Cameron Dick, Queensland’s treasurer, would not be drawn on the size of the proposed price caps but insisted his government would reject any proposal that unfairly affected his state.

“We want to work with the federal government but we don’t want to be disadvantaged,” Dick said on Wednesday.

“We understand the pressure on households and businesses, which is exactly why we’ve given $1.8bn back to Queenslanders,” he said. “At national cabinet on Friday [we’ll] work through the final details it would seem, but there’s still a long way to go.”

Unlike other states, Queensland and NSW generate most of their electricity from black coal. In Queensland’s case, the government owns most of the power generators and can recycle some of its windfall earnings to residents.

For NSW, about 20% of the coal burned in power plants is bought at the spot market.

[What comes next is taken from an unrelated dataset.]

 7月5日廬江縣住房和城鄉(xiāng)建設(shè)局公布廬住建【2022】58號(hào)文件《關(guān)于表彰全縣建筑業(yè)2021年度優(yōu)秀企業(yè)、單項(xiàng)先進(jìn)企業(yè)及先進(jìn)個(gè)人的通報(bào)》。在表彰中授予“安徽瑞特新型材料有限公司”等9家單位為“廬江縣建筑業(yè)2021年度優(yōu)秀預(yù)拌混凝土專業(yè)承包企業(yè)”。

With Europe scrambling to find alternatives to Russian gas in the wake of Moscow’s invasion of Ukraine, global coal prices have soared, lifting the price of the non-contracted coal burned in NSW power plants.

Both NSW and Queensland want compensation for any losses from royalties or other profits from a federal intervention to lower gas and coal prices.

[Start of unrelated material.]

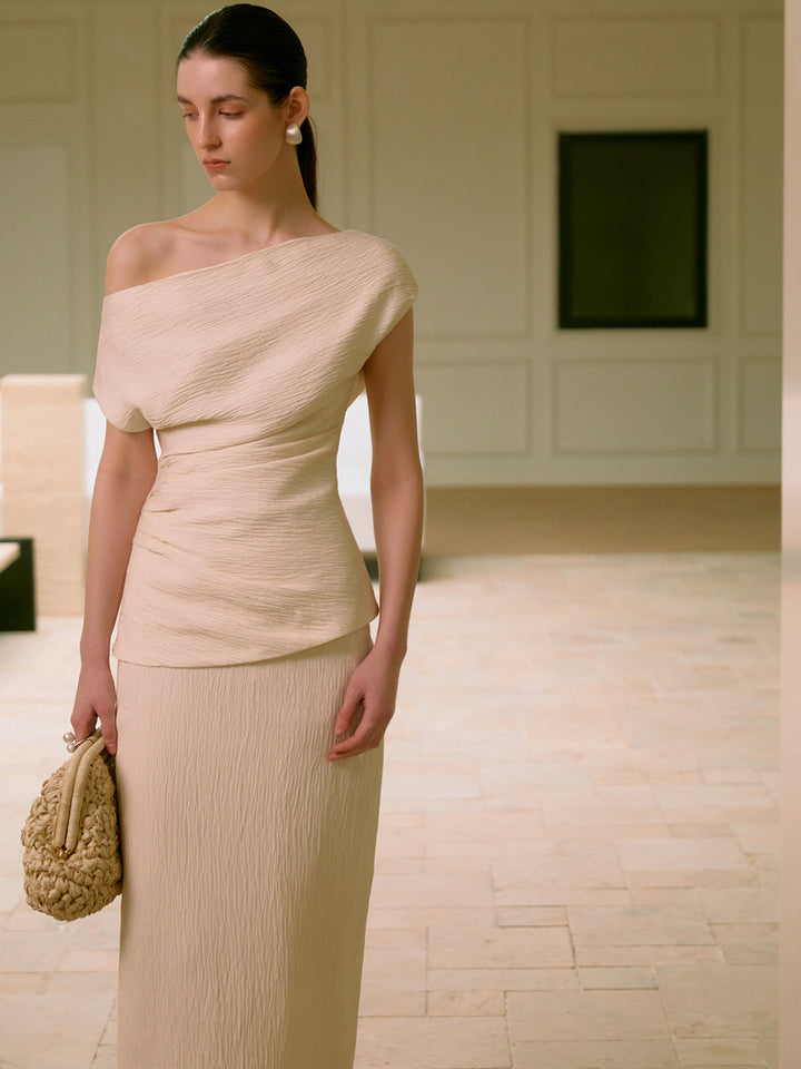 Asimetrik Yaka Tek Omuz Açık Pileli Eşofman

“This whole thing strikes me as very underdone,” Bruce Mountain, the head of the Victoria Energy Policy Centre, said.

Speculation the coal price cap may be in the order of $125 a tonne – compared with global prices of about $600 – could mean Queensland would miss out on $2bn a year in royalties.

Still, it would be “nonsense” for the federal government to use taxpayer funds to bail out Queensland, he said. Instead, the Queensland government should consider reducing the size of profits made by state-owned generators, lowering the power price for consumers in that state and across the national electricity market in the process.

Mountain welcomed indications that the energy ministers were likely to sign off on a capacity mechanism supporting new storage for the grid. Chemical batteries at scale could be built quickly and would provide “advantages for all the challenges” the grid faces in the future as new renewable plants are built and coal- and gas-fired power stations exited, he said.

“This may well be a national scheme in name but state-based in its implementation,” Mountain said, adding such an arrangement would also require the plan to be adjusted to meet each state’s particular decarbonisation priorities.